The normalized maximum load. Ceph will not scrub when the system load (as defined by the ratio of getloadavg() / number of online cpus) is higher than this number. Default is 0.5.

osd scrub min interval

The minimal interval in seconds for scrubbing Ceph OSD when the Ceph cluster load is low. Default is 60*60*24 (once a day).

osd scrub max interval

The maximum interval in seconds for scrubbing Ceph OSD, irrespective of cluster load. Default is 7*60*60*24 (once a week).

osd scrub chunk min

The minimum number of object store chunks to scrub during a single operation.

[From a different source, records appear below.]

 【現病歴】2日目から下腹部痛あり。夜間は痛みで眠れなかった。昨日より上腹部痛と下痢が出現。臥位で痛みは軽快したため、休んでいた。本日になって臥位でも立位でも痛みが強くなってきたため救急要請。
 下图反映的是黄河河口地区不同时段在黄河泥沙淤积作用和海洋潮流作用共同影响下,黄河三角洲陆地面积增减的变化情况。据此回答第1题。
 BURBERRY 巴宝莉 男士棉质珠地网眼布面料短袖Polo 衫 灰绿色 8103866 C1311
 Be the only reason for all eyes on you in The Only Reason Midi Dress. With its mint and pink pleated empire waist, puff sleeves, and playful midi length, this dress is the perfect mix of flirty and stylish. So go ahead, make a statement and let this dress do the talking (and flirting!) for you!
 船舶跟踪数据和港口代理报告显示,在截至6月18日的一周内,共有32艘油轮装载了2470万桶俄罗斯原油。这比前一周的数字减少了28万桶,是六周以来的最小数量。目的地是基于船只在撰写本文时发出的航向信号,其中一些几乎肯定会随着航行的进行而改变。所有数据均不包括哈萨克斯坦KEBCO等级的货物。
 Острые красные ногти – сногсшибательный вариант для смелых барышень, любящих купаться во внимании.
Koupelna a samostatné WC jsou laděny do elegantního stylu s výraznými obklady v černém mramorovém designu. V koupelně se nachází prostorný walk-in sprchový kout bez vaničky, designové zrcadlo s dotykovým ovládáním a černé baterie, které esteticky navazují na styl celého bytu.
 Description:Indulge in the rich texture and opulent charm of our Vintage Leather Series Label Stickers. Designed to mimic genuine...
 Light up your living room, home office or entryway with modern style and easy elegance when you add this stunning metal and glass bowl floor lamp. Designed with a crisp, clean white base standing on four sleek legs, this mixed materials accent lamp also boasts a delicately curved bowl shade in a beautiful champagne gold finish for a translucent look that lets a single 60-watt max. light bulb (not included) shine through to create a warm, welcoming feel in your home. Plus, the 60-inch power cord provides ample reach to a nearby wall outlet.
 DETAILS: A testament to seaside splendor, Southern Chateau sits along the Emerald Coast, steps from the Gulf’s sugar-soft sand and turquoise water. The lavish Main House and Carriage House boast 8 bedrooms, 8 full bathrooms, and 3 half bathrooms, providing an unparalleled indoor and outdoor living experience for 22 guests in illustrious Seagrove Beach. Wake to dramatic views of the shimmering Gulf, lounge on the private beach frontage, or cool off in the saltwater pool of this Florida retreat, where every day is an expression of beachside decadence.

Ceph blocks writes to a single chunk during a scrub. Default is 5.

osd scrub chunk max

The maximum number of object store chunks to scrub during a single operation. Default is 25.

osd scrub sleep

Time to sleep before scrubbing the next group of chunks. Increasing this value slows down the whole scrub operation, while client operations are less impacted. Default is 0.

osd deep scrub interval

The interval for 'deep' scrubbing (fully reading all data). The osd scrub load threshold option does not affect this setting. Default is 60*60*24*7 (once a week).

osd scrub interval randomize ratio

Add a random delay to the osd scrub min interval value when scheduling the next scrub job for a placement group. The delay is a random value smaller than the result of osd scrub min interval * osd scrub interval randomized ratio. Therefore, the default setting practically randomly spreads the scrubs out in the allowed time window of [1, 1.5] * osd scrub min interval. Default is 0.5.

osd deep scrub stride

Read size when doing a deep scrub. Default is 524288 (512 kB).